┌─ Information supplied
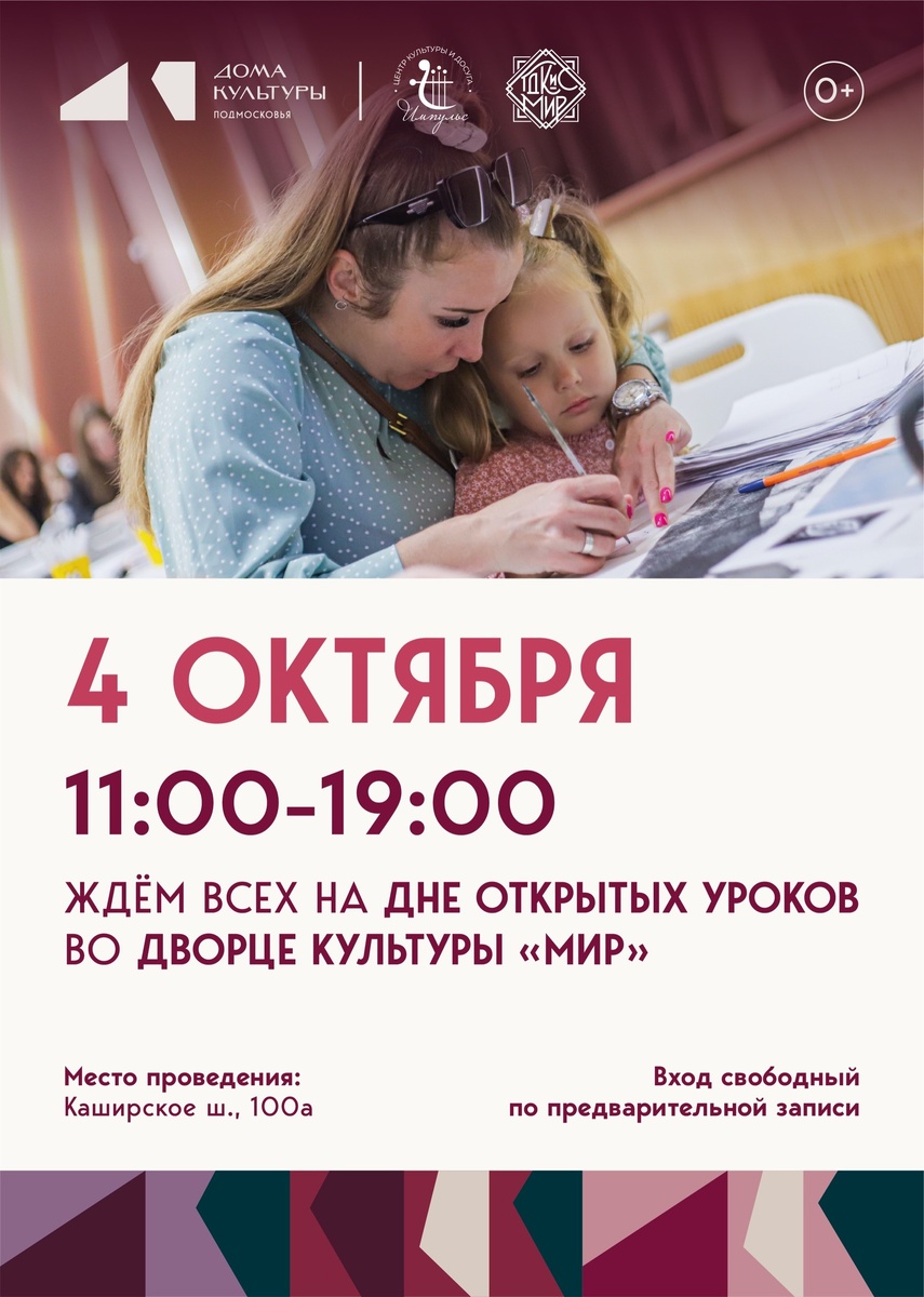 ✨ Дорогие друзья! 🌟 Дворец культуры «Мир» открывает для вас не только свои парадные двери, но и двери каждого кабинета! 🎉 Приглашаем вас на День открытых уроков, чтобы заглянуть и посмотреть, как занимаются наши коллективы, а также принять участие в увлекательных мастер-классах! 🎨🎶 📅 Ждем вас 4 октября 2025 года по адресу: Каширское шоссе 100А. Наш мир открыт каждому! 💖 🚫 Возраст: 0+ 📆 04.10.2025🕒11:00 🏢 Дворец культуры и спорта «Мир» 📍 г. Домодедово, Каширское шоссе, д.100А 💰 Вход свободный❗️ ✅ Мероприятия Домодедово https://dzen.ru/id/66f10385cc4c5a16f7b5fb02 http://vk.com/domodedovo_events http://dzen.ru/domodedovo_events
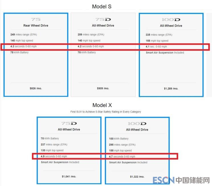 中國儲能網(wǎng)訊:日前,我們從海外媒體獲悉,特斯拉將為旗下車型再次升級動力系統(tǒng)。具體升級信息為MODEL S 75的0-96km/h加速成績從5.5秒升級為4.3秒,MODEL S 75D從5.2秒升級為4.2秒,MODEL S 100D從4.2秒升級為4.1秒,MODEL X 75D從之前的6.0秒升級為4.9秒,MODEL X 100D從之前的5.2秒升級為4.7秒。需要注意的是,本次升級僅針對未售車型,已售車型將不在升級范圍內(nèi)。
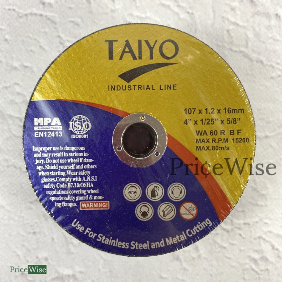 Merk: TaiyoUkuran: 4 inch x 1/25 inch x 5/8 inch (107mm x 1.2mm x 16mm)Jumlah: 1 buahWA 60 R B FMaks kecepatan 15.200 RPMMaks 80 m/sUntuk besi dan stainlessUntuk pembelian 1 wadah (isi 50 buah + wadah): https://shopee.co.id/Mata-Batu-Gerinda-Potong-4-x1.2mm-50pcs-Taiyo-Grinding-Wheel-Gurinda-i.294727870.56704
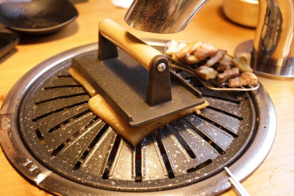 고기를 바싹 굽지 않고 적당히 구워주는 점이 특징이다. 그 이후는 취향껏 구워 먹으면 된다. 천천히 먹고 싶으면 고기 받침틀 위에 올려놓고 먹어도 되고 아무튼 괜찮은 방법인 듯.
└─
Write out exactly, and only, the lines from the line holding "S 75的0-96km/h加速成績從5.5秒升級為4.3秒,MODEL S" through the end of the data, inclusive, without any pictures.

* **Reply**
 中國儲能網(wǎng)訊:日前,我們從海外媒體獲悉,特斯拉將為旗下車型再次升級動力系統(tǒng)。具體升級信息為MODEL S 75的0-96km/h加速成績從5.5秒升級為4.3秒,MODEL S 75D從5.2秒升級為4.2秒,MODEL S 100D從4.2秒升級為4.1秒,MODEL X 75D從之前的6.0秒升級為4.9秒,MODEL X 100D從之前的5.2秒升級為4.7秒。需要注意的是,本次升級僅針對未售車型,已售車型將不在升級范圍內(nèi)。
 Merk: TaiyoUkuran: 4 inch x 1/25 inch x 5/8 inch (107mm x 1.2mm x 16mm)Jumlah: 1 buahWA 60 R B FMaks kecepatan 15.200 RPMMaks 80 m/sUntuk besi dan stainlessUntuk pembelian 1 wadah (isi 50 buah + wadah): https://shopee.co.id/Mata-Batu-Gerinda-Potong-4-x1.2mm-50pcs-Taiyo-Grinding-Wheel-Gurinda-i.294727870.56704
 고기를 바싹 굽지 않고 적당히 구워주는 점이 특징이다. 그 이후는 취향껏 구워 먹으면 된다. 천천히 먹고 싶으면 고기 받침틀 위에 올려놓고 먹어도 되고 아무튼 괜찮은 방법인 듯.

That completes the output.